··· Records

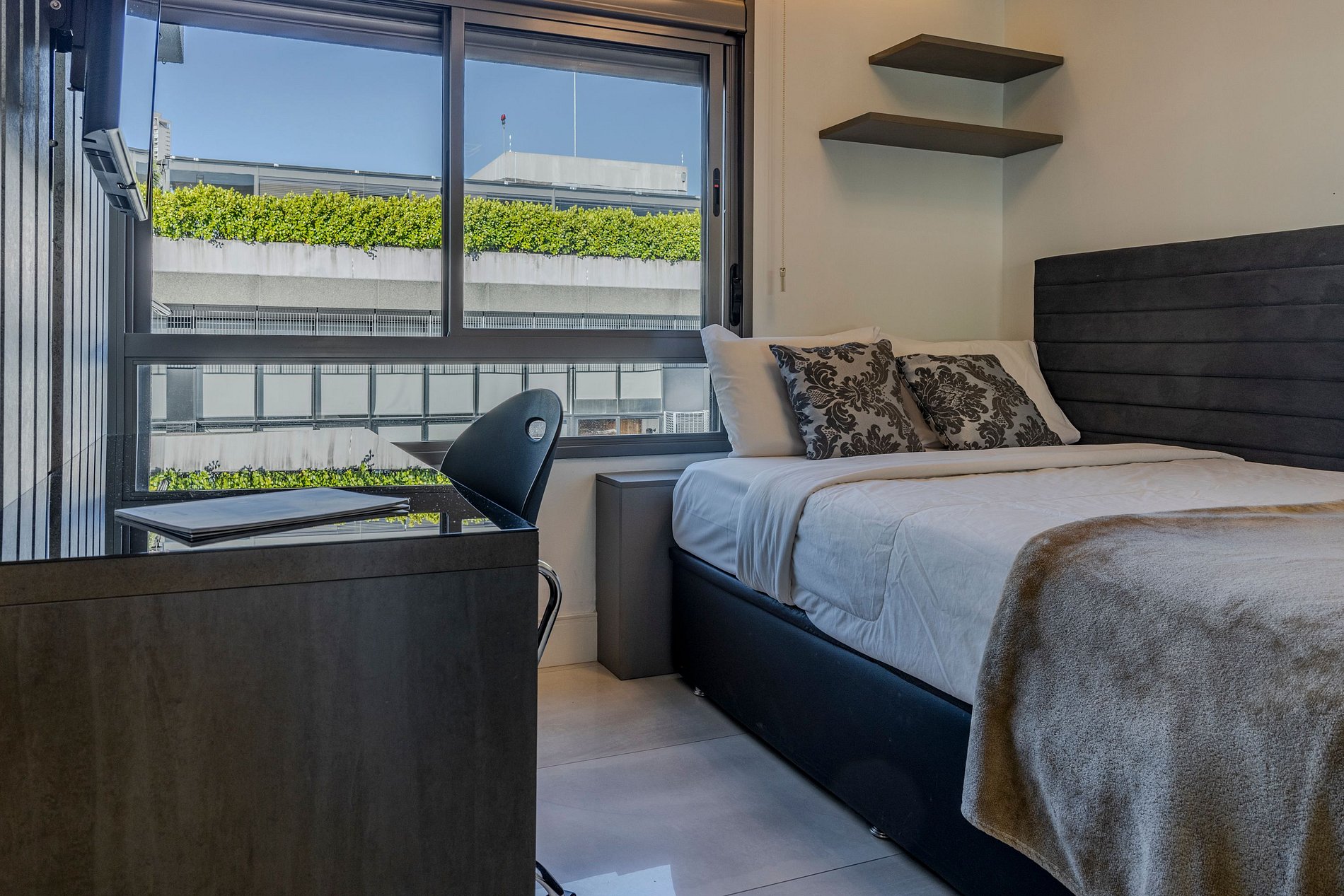 Layout inteligente, integrando quarto e sala em ambiente funcional e elegante.
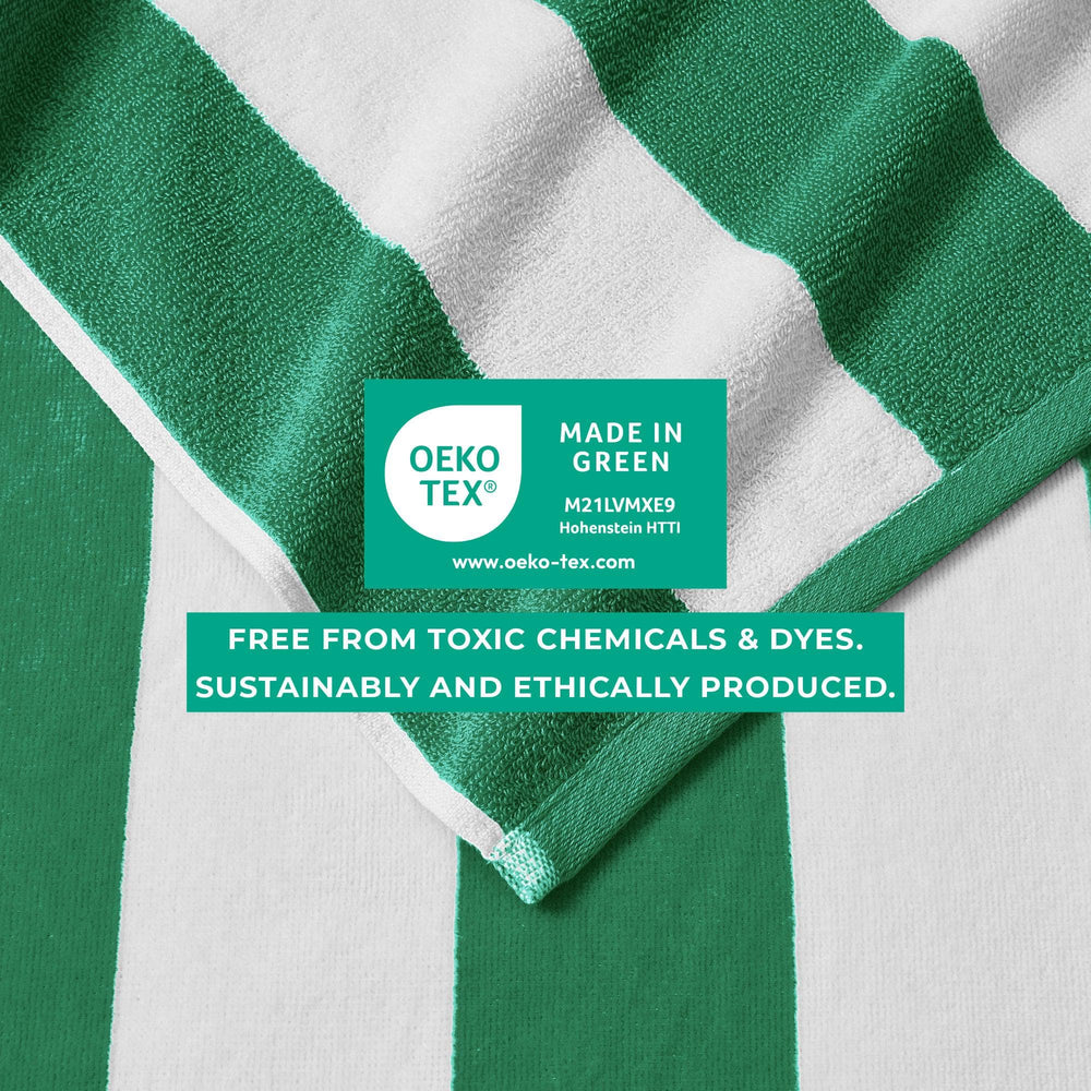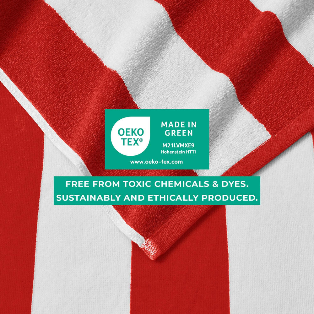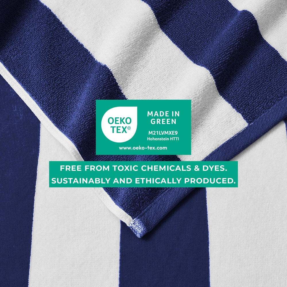 Enjoy an oversized ultra-soft cotton cabana towel! This 100% cotton velour beach towel features the classic cabana style with bright colors for everyone's style. These towels are perfect for a family vacation, camping adventure, or wherever this summer takes you. These cabana towels are timeless and crafted with durable cotton, so they'll last you many summers without losing style or comfort. These soft towels are easily machine washable with like colors, just tumble dry on low and you'll have softer towels each time.
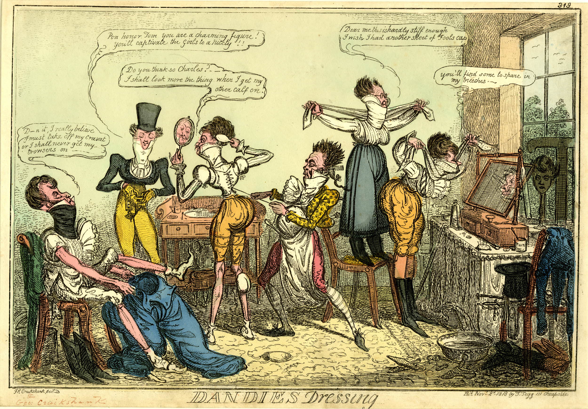 Hand-colored etching, “Dandies Dressing,” by Robert Cruikshank, 1818. Dandies were defined, in part, by the unnatural pains they took in their grooming and dress. As Cruikshank’s satirical cartoon suggests, these habits often invited charges of effeminacy. In a time when office work seemed like a radical departure from the masculine labors that had upheld the economy in the past, clerks who overdressed were doubly susceptible to being called effete. (©Trustees of the British Museum)
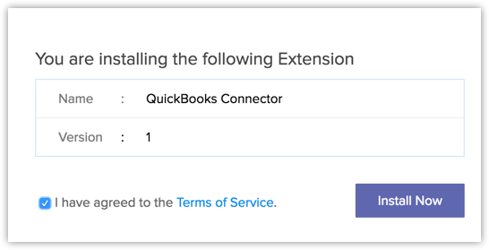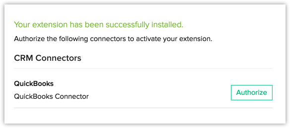 - 在 Zoho CRM 中刷新QuickBooks 扩展详细信息页面,完成授权流程。
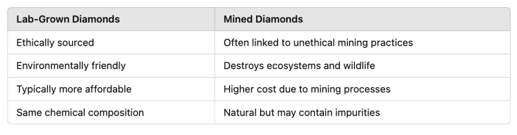 Understand the key differences between lab-grown diamonds and mined diamonds, both visually identical and chemically the same, yet different in sourcing and environmental impact.
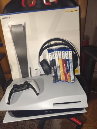✨ PS5 como recién salida de la tienda ✨ Incluye: 🎮 Consola con lector de discos y SSD 825 GB 🎮 2 mandos DualSense + base de carga 🎧 Auriculares Pulse 3D 📀 Juegos: God of War Ragnarök, Astro Bot, Spider-Man 2, Gran Turismo 7, Demon's Souls y Death Stranding DC 📦 Caja original y garantía vigente 🌐 Cuenta con PS Plus activa para jugar online Si llegamos a un acuerdo y hace falta más información para la compra, le facilitaré los tres últimos dígitos. Mi número es 676 193… 👉 Solo venta completa, no hago cambios ni separo accesorios. 👉 Precio cerrado, sin ofertas. ✈️ ✅Envío disponible✅
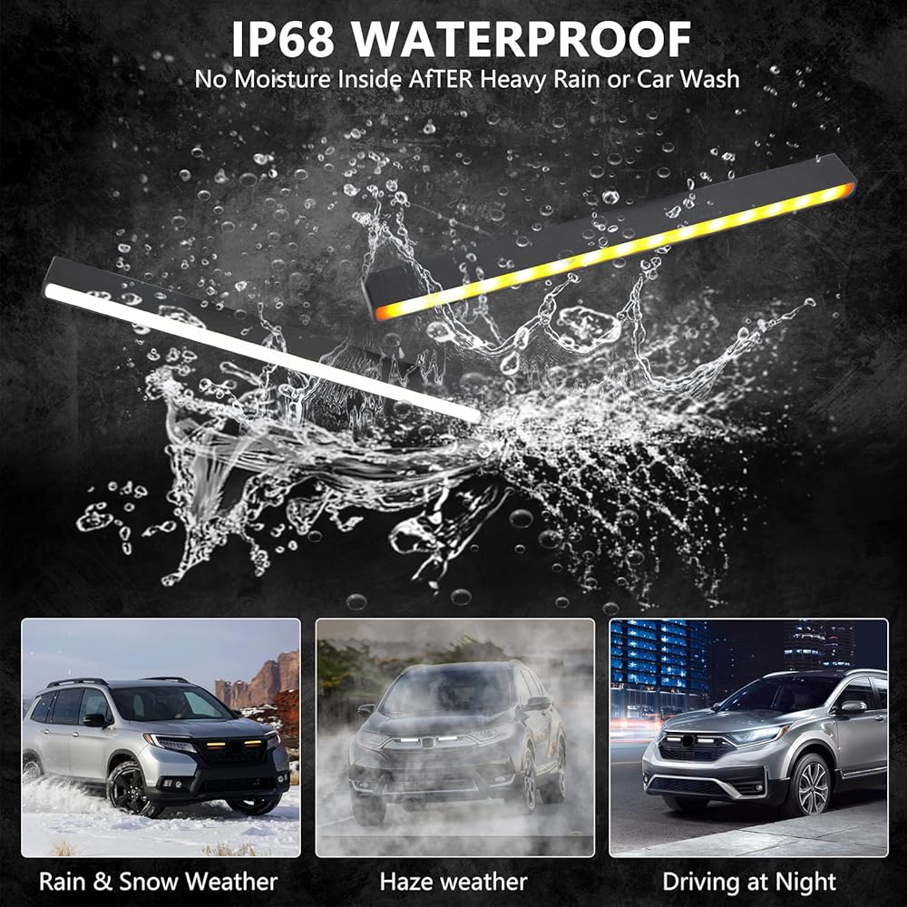 29 Led lamp beads: The light strip equip with 15pcs white SMD LEDs lights for brake tial light feature, and 14pcs amber yellow SMD LEDs lights for daytime running light feature

······

To do: Take the lines from the first line of the entries through the line with "Enjoy an oversized", inclusive, and give them again exactly, minus any pictures.

Exercise result:
 Layout inteligente, integrando quarto e sala em ambiente funcional e elegante.
 Enjoy an oversized ultra-soft cotton cabana towel! This 100% cotton velour beach towel features the classic cabana style with bright colors for everyone's style. These towels are perfect for a family vacation, camping adventure, or wherever this summer takes you. These cabana towels are timeless and crafted with durable cotton, so they'll last you many summers without losing style or comfort. These soft towels are easily machine washable with like colors, just tumble dry on low and you'll have softer towels each time.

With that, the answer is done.